BRIEF:
Extract the whole listing as it stands. Do not include the pictures.

DATA BELOW:
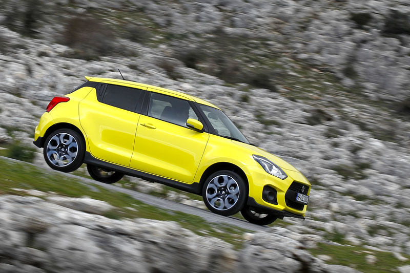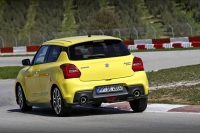 Ve srovnání s předchůdcem má nový Swift Sport o 20 mm delší rozvor a o 40 mm větší rozchod kol, což mu propůjčuje větší stabilitu v přímém směru a ve vyšších rychlostech, ale také dynamický postoj. Suzuki se nechala inspirovat předchozím Swiftem Sport a jeho jízdní vlastnosti jemně doladila a vylepšila. Stabilizátory jsou uloženy v pevnějších pouzdrech s vrstvou teflonu, byla zvýšena tuhost přední nápravy a v zatáčkách tak náprava lépe drží nastavený odklon předního kola. A to vše bez přehnaného zvyšování tuhosti pružin nebo stabilizátoru. Zadní náprava je ve srovnání s tou v běžném Swiftu rovněž upravena. Vlečená ramena jsou pro Swift Sport zcela nová a opět jsou tužší, aby lépe odolávala deformaci v rychle projížděných zatáčkách a neměnila se tak geometrie zadní nápravy. Stejně tak byla upravena zadní zkrutná příčka s ohledem na požadovanou vyšší pevnost. Na všech čtyřech kolech jsou pak použity sportovní tlumiče Monroe. Takzvanou komunikační barvou nového Swiftu Sport je žlutá Champion Yellow, odkazující na barvu závodních Suzuki, když ještě brázdily tratě rychlostních zkoušek. Vlastně jsme Swift Sport v žádné jiné barvě neviděli, protože i na prezentaci byly všechny vozy právě v tomto odstínu. Žlutá ovšem Swiftu Sport sluší, už třeba jen proto, že pěkně kontrastuje s černými doplňky. Ale nejen ty Swift Sport odlišují, jiný je také přední nárazník s většími vstupy vzduchu a sportovně vyhlížející mřížkou masky chladiče, Swift Sport má rovněž velmi povedená 17“ kola, spoiler na konci střechy a jiný je i zadní nárazník, který na obou stranách zdobí efektní koncovka výfuku.
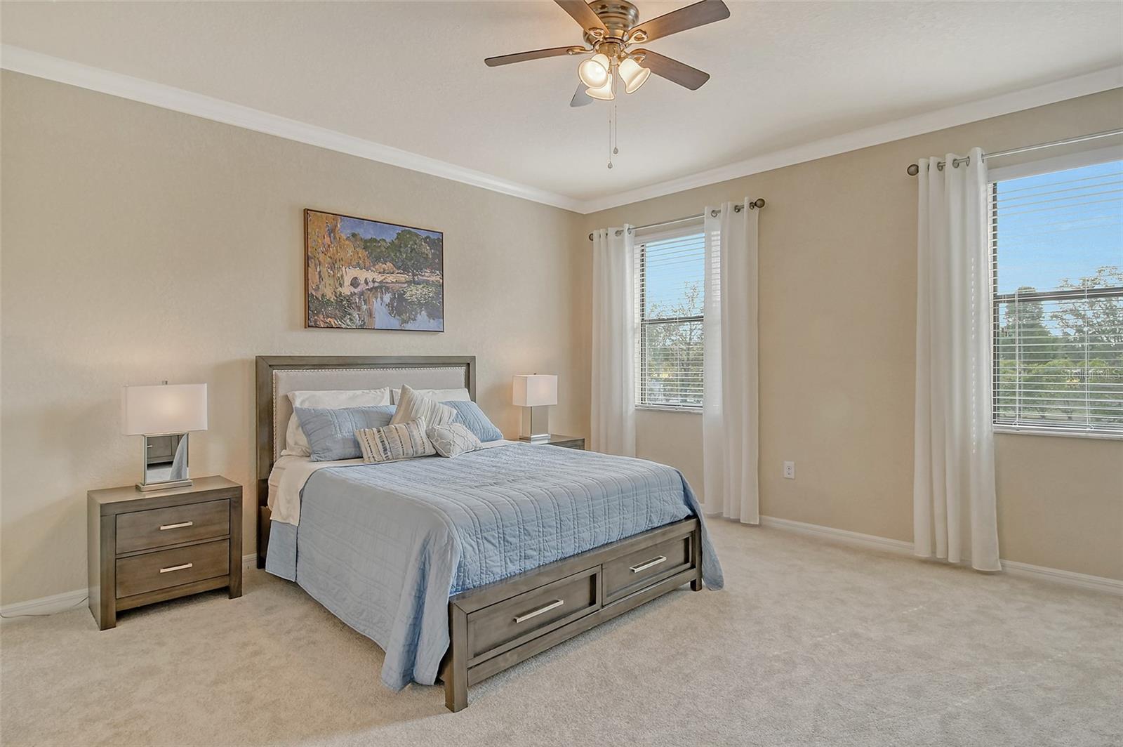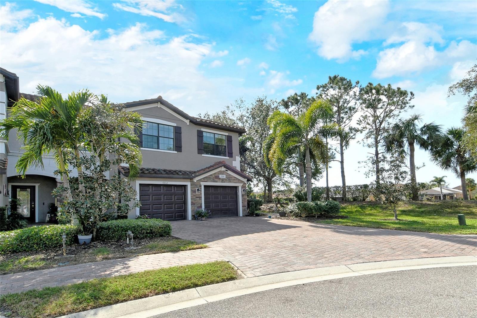 Exceptional 3 bedroom, 2.5 bathroom townhome, turnkey furnished for your ease. Regatta Landing provides maintenance-free living in a small enclave of Heritage Harbour, a beautifully designed master community with extensive amenities. First floor living space includes a great room, kitchen, dining area, half-bath, screened lanai and a single car garage. Nearly 2,000 square feet, this 2016 build has been refreshed and is move-in ready with tile floors throughout the main level. You'll appreciate the kitchen with dark cabinetry, granite countertops and stainless appliances. The great room and dining area share private/green views through the sliding doors, out to the screened and covered lanai. All bedrooms are carpeted and on the 2nd level. The generous primary suite features a tiled shower, dual sinks and a walk-in closet. A guest bath is situated just outside both the 2nd and 3rd bedrooms. No lugging laundry up the stairs, washer & dryer are situated on the 2nd level. Ideal location close to the interstate and 2 exits from University Town Center's shopping and dining mecca. Whether seeking a full-time residence, winter get-away or a solid rental investment... this will suit all your needs. Surrounded by parks, walking paths, golf and recreation... this will define a Florida lifestyle for you.
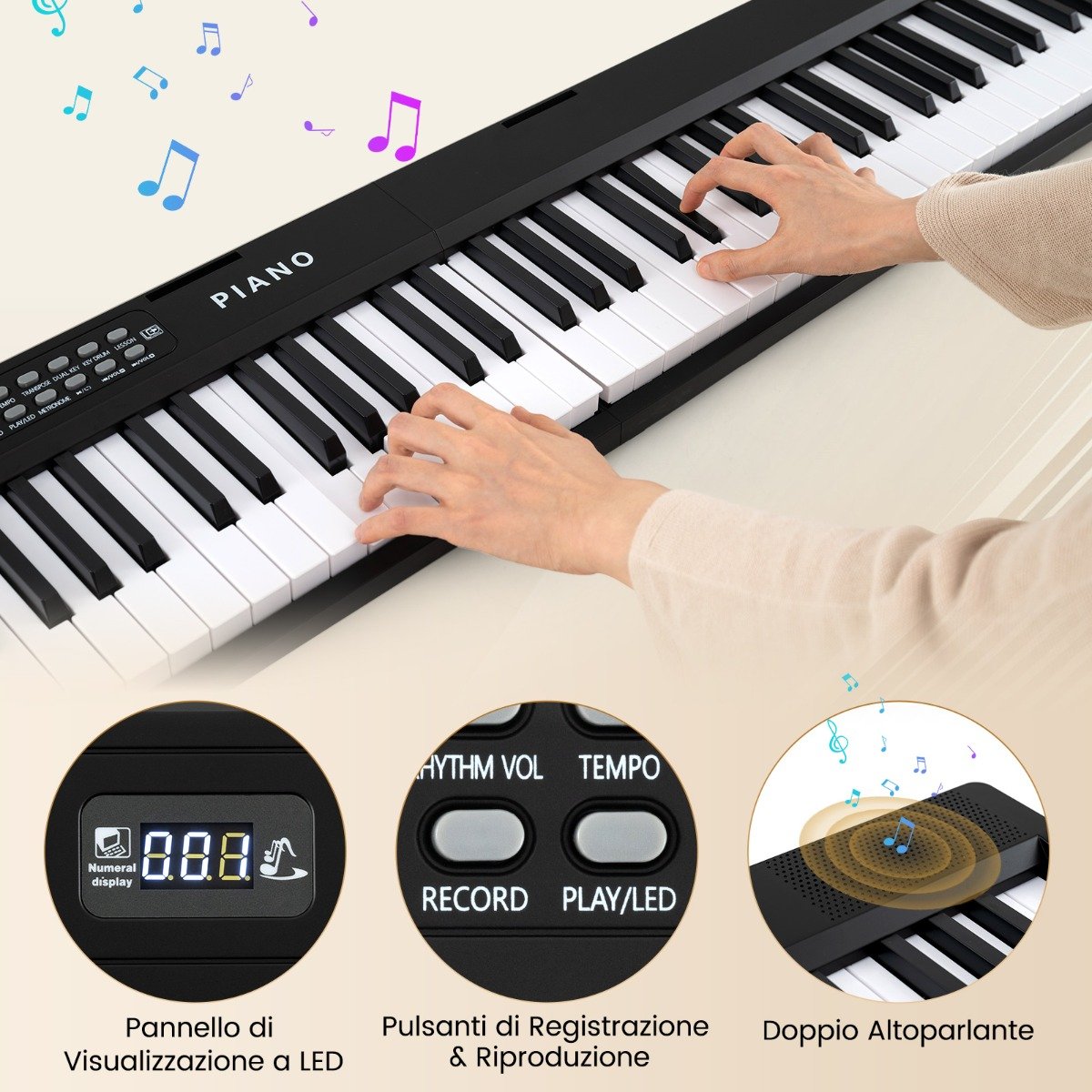 Teclado eletrônico dobrável com teclas semipesadas, função Split, pedal de sostenuto, teclado de piano de 88 teclas com alto-falantes duplos, preto.

RESPONSE TO THE TASK:
 Ve srovnání s předchůdcem má nový Swift Sport o 20 mm delší rozvor a o 40 mm větší rozchod kol, což mu propůjčuje větší stabilitu v přímém směru a ve vyšších rychlostech, ale také dynamický postoj. Suzuki se nechala inspirovat předchozím Swiftem Sport a jeho jízdní vlastnosti jemně doladila a vylepšila. Stabilizátory jsou uloženy v pevnějších pouzdrech s vrstvou teflonu, byla zvýšena tuhost přední nápravy a v zatáčkách tak náprava lépe drží nastavený odklon předního kola. A to vše bez přehnaného zvyšování tuhosti pružin nebo stabilizátoru. Zadní náprava je ve srovnání s tou v běžném Swiftu rovněž upravena. Vlečená ramena jsou pro Swift Sport zcela nová a opět jsou tužší, aby lépe odolávala deformaci v rychle projížděných zatáčkách a neměnila se tak geometrie zadní nápravy. Stejně tak byla upravena zadní zkrutná příčka s ohledem na požadovanou vyšší pevnost. Na všech čtyřech kolech jsou pak použity sportovní tlumiče Monroe. Takzvanou komunikační barvou nového Swiftu Sport je žlutá Champion Yellow, odkazující na barvu závodních Suzuki, když ještě brázdily tratě rychlostních zkoušek. Vlastně jsme Swift Sport v žádné jiné barvě neviděli, protože i na prezentaci byly všechny vozy právě v tomto odstínu. Žlutá ovšem Swiftu Sport sluší, už třeba jen proto, že pěkně kontrastuje s černými doplňky. Ale nejen ty Swift Sport odlišují, jiný je také přední nárazník s většími vstupy vzduchu a sportovně vyhlížející mřížkou masky chladiče, Swift Sport má rovněž velmi povedená 17“ kola, spoiler na konci střechy a jiný je i zadní nárazník, který na obou stranách zdobí efektní koncovka výfuku.
 Exceptional 3 bedroom, 2.5 bathroom townhome, turnkey furnished for your ease. Regatta Landing provides maintenance-free living in a small enclave of Heritage Harbour, a beautifully designed master community with extensive amenities. First floor living space includes a great room, kitchen, dining area, half-bath, screened lanai and a single car garage. Nearly 2,000 square feet, this 2016 build has been refreshed and is move-in ready with tile floors throughout the main level. You'll appreciate the kitchen with dark cabinetry, granite countertops and stainless appliances. The great room and dining area share private/green views through the sliding doors, out to the screened and covered lanai. All bedrooms are carpeted and on the 2nd level. The generous primary suite features a tiled shower, dual sinks and a walk-in closet. A guest bath is situated just outside both the 2nd and 3rd bedrooms. No lugging laundry up the stairs, washer & dryer are situated on the 2nd level. Ideal location close to the interstate and 2 exits from University Town Center's shopping and dining mecca. Whether seeking a full-time residence, winter get-away or a solid rental investment... this will suit all your needs. Surrounded by parks, walking paths, golf and recreation... this will define a Florida lifestyle for you.
 Teclado eletrônico dobrável com teclas semipesadas, função Split, pedal de sostenuto, teclado de piano de 88 teclas com alto-falantes duplos, preto.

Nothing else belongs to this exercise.